Rayon
is a popular Rust crate that provides easy-to-use solutions for CPU bound problems. Rayon:
- Uses a work-stealing thread pool for tasks.
- Offers
par_iter
to readily transform regular iterator tasks into parallel tasks. - Is a lot like Intel's
Threaded Building Blocks
library, but with less pain.
This is live-coded. For the Github, see here
We'll start by making a new project and adding it to our workspace.

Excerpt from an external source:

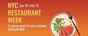 NYC Restaurant Week from 1/18 – 2/13/2022 – Two-Course Lunch, Three-Course Dinner, $10 Off $39 w/ Mastercard (10x)

cargo init count_primes_rayon
(Edit [members]
)
Then we add Rayon to the dependencies:
cargo add rayon
Now, let's transform our prime counter into an iterator chain:
fn is_prime(n: u32) -> bool {
(2 ..= n/2).all(|i| n % i != 0 )
}
fn main() {
const MAX:u32 = 200000;
let now = std::time::Instant::now();
let count = (2..MAX)
.filter(|n| is_prime(*n))
.count();
let duration = now.elapsed();
println!("Found {count} primes in {} seconds", duration.as_secs_f32());
}
There's no parallelism here. Running it shows that it performs about equally to our single-threaded loop:
cargo run --release
Found 17986 primes in 1.0798844 seconds
This is live-coded. For the Github, see here
Let's use Rayon. In the iterator chain, we need to add one line:
let count = (2..MAX)
.into_par_iter()
.filter(|n| is_prime(*n))
.count();
This will flag errors in the IDE. Let's use it to find the required imports. We end up with:
use rayon::prelude::{IntoParallelIterator, ParallelIterator};
Now when we run the program:
cargo run --release
Found 17984 primes in 0.1061489 seconds
That was almost too easy. Rayon makes it very easy to build parallel versions of existing iterator calculations.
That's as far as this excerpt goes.